The multistorey car park in the centre of Gateshead designed by Owen Luder in the 1960s and now under threat of demolition didn't feature in the BBC's latest Restoration series. Although it has dedicated admirers fighting for its survival, they are fans not of its stark lines and untreated concrete, but of the 1970s gangster movie, Get Carter. A scene from the film shows Michael Caine throwing an adversary from the upper floor of this very same edifice.
The multistorey car park must be the least-loved building type in Britain. When Griff Rhys Jones, the presenter of Restoration, visited Portsmouth to survey a shopping centre cum car park called the Tricorn Centre, also by Luder, most local people told him it should be knocked down. (The council began demolishing it in March.) But the unloved status of car parks is as much to do with economics as aesthetics. A parking space is simply that: a space, a primitive form of real-estate. Space is at a premium in the multistorey, so turning circles are tight, bays small, floor heights minimal and stairwells dark. When parking is as sought-after as it is in most city centres, there is no good economic reason to make the car parks any more inviting.

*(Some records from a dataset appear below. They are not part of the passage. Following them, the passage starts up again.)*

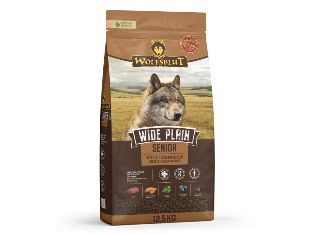 Vlci loví svou kořist ve Skalistých horách Severní Ameriky, arktické tundře, horách a lesích Evropy a dokonce i v pouštích a stepích Střední Asie. Ty jim z obsahu žaludku kořisti poskytují maso a na živiny bohaté vnitřnosti, stejně jako zeleninu, ovoce, bobule, kořeny a byliny. Obiloviny zde nejsou zahrnuty. Takto vlk získává vitamíny, minerály, stopové prvky, enzymy a druhotné rostlinné látky, které potřebuje. Vzhledem k tomu, že vlk je předkem všech psů, je naše suché krmivo pro psy Wolfsblut založeno na přirozených stravovacích návycích vlka. Obsahuje dostatek masa nebo ryb v kombinaci se superpotravinami, které obsahují cenné ingredience – stejně jako v přírodě, bez obilovin. Náš výběr výjimečného masa a superpotravin bohatých na živiny je založen na vlčím prostředí a jeho rozmanité stravě. WOLFSBLUT nabízí každému psovi druhově vhodnou a přirozenou stravu a díky své rozmanitosti si každý pes najde to, co snese. Receptura suchého krmiva WIDE PLAIN SENIOR kombinuje vlčí stravu s nejnovějšími vědeckými poznatky o správné výživě psů.
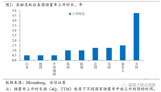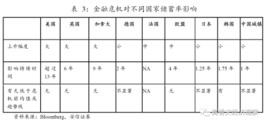 回顾各国在金融危机期间储蓄率的变化,可以发现它和疫情期间呈现了类似的规律,原先储蓄率较高的国家上升幅度小,储蓄率低的国家上升幅度大。当然这也与不同国家受到金融危机冲击的程度不同有关。
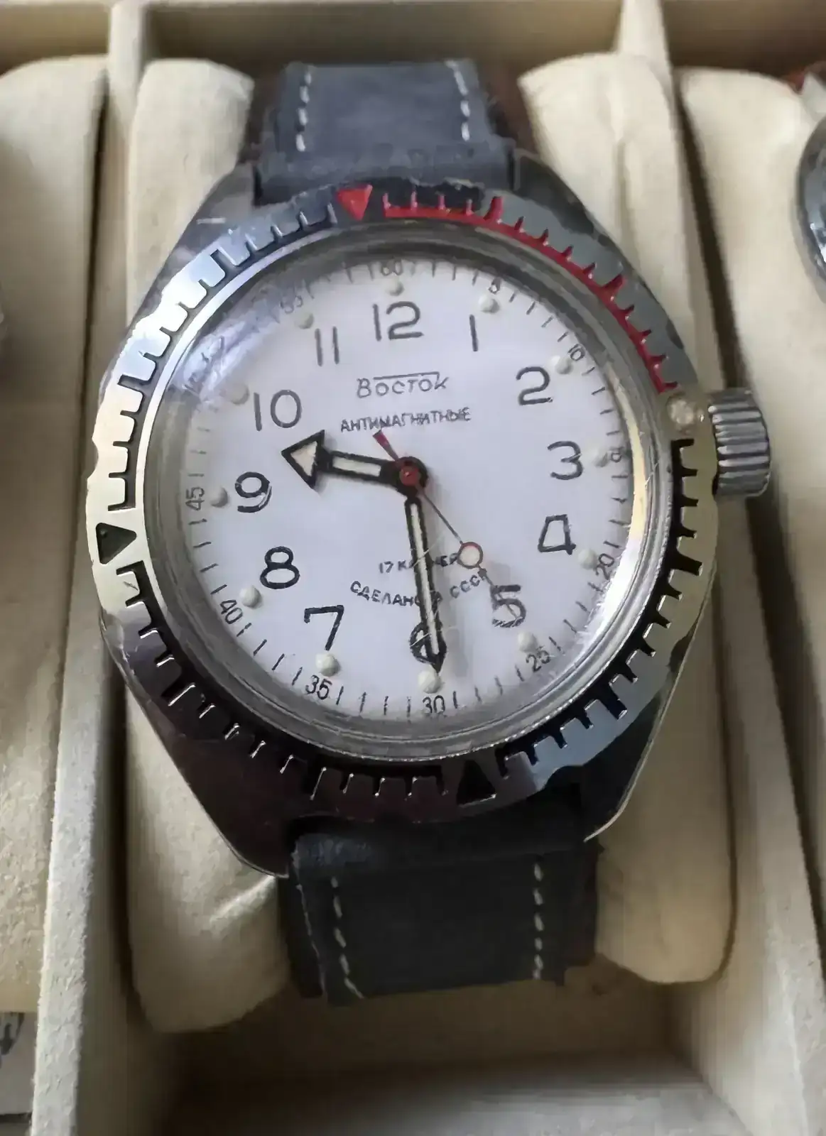 Vostok" Amphibia komandirskie de cuerda. Dial Balnco con índices arábigos impresos y puntos de material luminiscente. Bisel bidireccional, corona roscada. Manecillas con material luminiscente y segundero rojo tipo lollipop con material luminiscente. Al desenroscar en la primera posición se puede dar cuerda y en la segundo ajustar la hora.
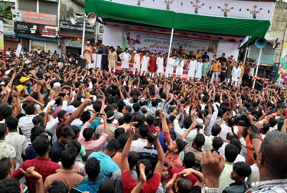 প্রধানমন্ত্রী শেখ হাসিনাকে নিয়ে বিএনপির বিভিন্ন কটূক্তির প্রতিবাদে নোয়াখালী-৪ (সদর-সূবর্ণচর) আসনের এমপি একরামুল করিম চৌধুরীর উদ্যোগে শনিবার বিকালে প্রতিবাদ সমাবেশ জনসমুদ্রে পরিণত হয়েছে।

Parking really became big business after the 1991 Road Traffic Act, which gave local authorities the right to take over parking enforcement from the police and spend any money they earned on improving transport. Councils began contracting out their parking services to private operators, all of which form part of huge European or American parent companies, which make millions not only from car parks but from meters, penalty tickets, clamping and tow-away charges. NCP has certainly seen a good return on its initial £200 investment in a cleared bombsite in Holborn in 1949. But parking is a largely invisible part of the economy, with no brand identities or lavish marketing budgets. Who cares who runs the car park, as long as there's a space?
The cost of parking reflects other geographical iniquities. Parking for 24 hours in an NCP multistorey in the centre of Newcastle costs you £9 against £36 in London's Soho. A yearly ticket costs just over £1,120 in Newcastle and £7,972 in Soho. The size of this disparity easily outstrips the much discussed house-price gap between north and south. Like the housing market, the parking industry relies on an economics of scarcity and necessity, but with none of the compensatory myths about property ownership, status and the purchase of a "lifestyle". No wonder Martin Parr, the celebrated photographer of the everyday, has recently embarked on a project to photograph the last available space in car parks around the world. As Parr says: "The one thing we're all looking for in life is somewhere to park the car."